Police in South Wales have arrested a man using automatic facial recognition software. It’s the first time a person has been seized this way in the UK, according to Wales Online, following a series of trials at large-scale public events including Download music festival and Notting Hill Carnival. The most recent was the Champions League final in Cardiff, which took place last Saturday (June 3rd). The man, however, was arrested three days beforehand (May 31st). In a statement to Ars Technica UK, police confirmed he was a local resident and “unconnected” to the game in Cardiff.
“The facial recognition technology is currently being tested as [a] proof of concept in order to determine its potential and feasibility within a challenging, real-world policing environment,” a police spokesperson said. “The UEFA Champions League has clearly provided a perfect testing ground. While early indications are proving positive, we will continue to develop our understanding of its capabilities and limitations.”
The setup used by the police is unclear. For the Champions League final, officers used a “real-time” hardware and software solution developed by NEC. It’s possible that a similar system was used for the arrest, as well as the broader trials taking place in the city centre. A request for tender published by South Wales Police does, however, mention a “Slow Time Static Face Search” linked to 500,000 custody images in a “Niche Record Management” database, which seems to be separate from the real-time monitoring. Regardless, multiple vans have been spotted in Cardiff with cameras on the roof and a “facial recognition fitted” warning on the side.
While monitoring and detection clearly takes place on the move, it’s possible the police are analysing and cross-referencing the images elsewhere. Whatever the situation, the arrest is evidence of the technology’s potential to pick out people in a crowd. Running faces against a database of wanted criminals, or anyone with a track record, should give the police a better idea of who is nearby. It does, however, raise ethical questions about public privacy and potential surveillance overreach.
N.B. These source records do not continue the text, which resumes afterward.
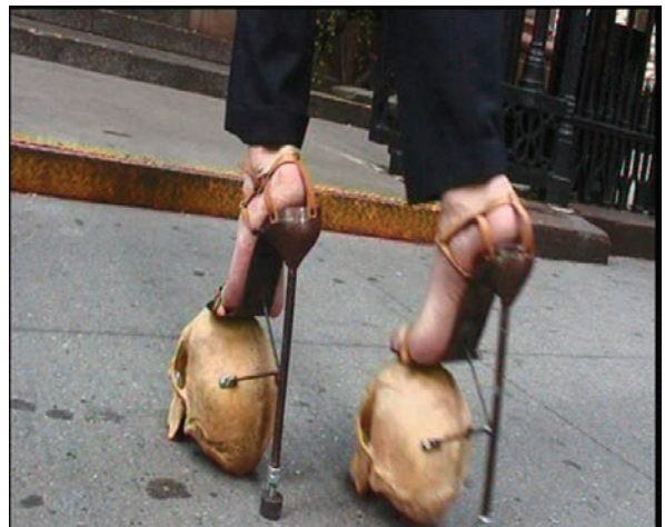
Steven Cohen, Golgotha , details of skull stilettoes, 2007–9.

Single-channel HD video, 20 min 8 sec.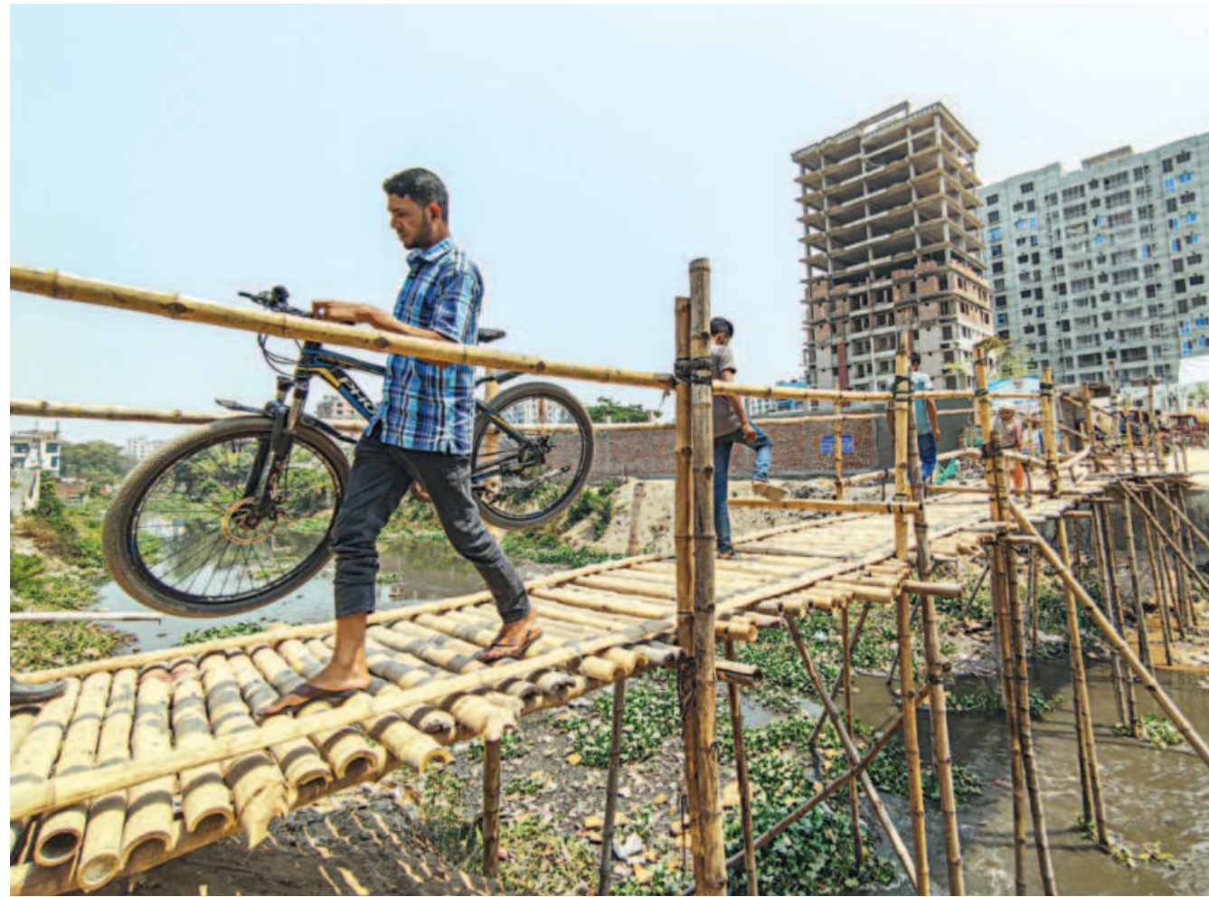
Locals of Bosila and Chandrima Housing in Mohammadpur regularly build such bamboo bridges to cross the Ramchandrapur Canal, located between the two areas. While it is risky for them to cross it, they claimed the authorities concerned have never taken the initiative to build a concrete bridge there.

School Based Assessment should be re-designed as part of remedial education to help students with severe learning gaps.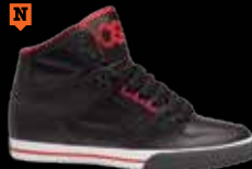
1523 BLK / RED / BLK SL / M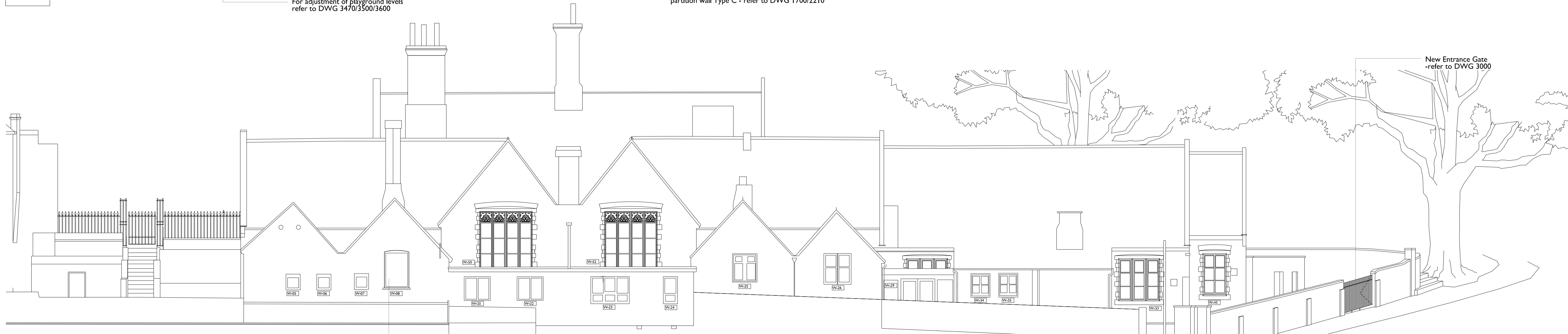
1 Elevation 1-1 1200 Scale 1:100

SCABAL ARCHITECTS LTD. 25 Hatton Garden London EC1N 8BQ UK t: +44 (0) 20 7033 8788 e: team@scabal.net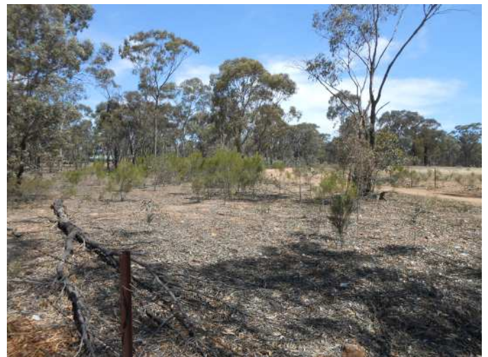
Typical Vegetation South-West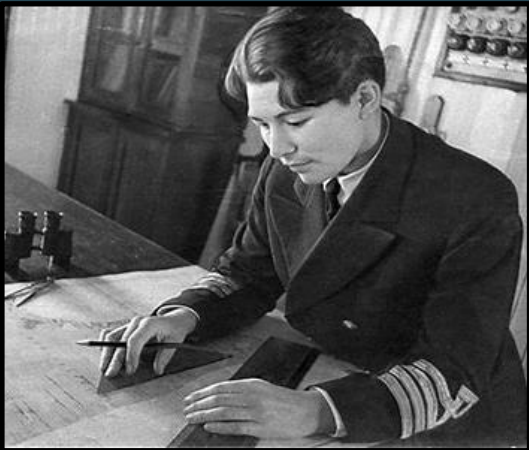
Anna Ivanovna Shchetinina World's First Female Captain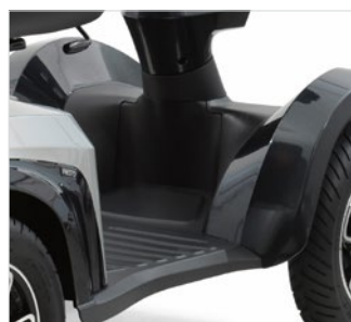
Plenty of foot room

“South Wales Police has made significant progress in the development of its technology in the past 18 months, and that work is only set to continue as we strive to ensure we arm our officers with the very best technology commercially available – providing the public benefit is both proven and justifiable,” the spokesperson added. “The technology will be tested in a variety of circumstances and location in the months to come, assisting in our assessment of the viability of the project moving forward.”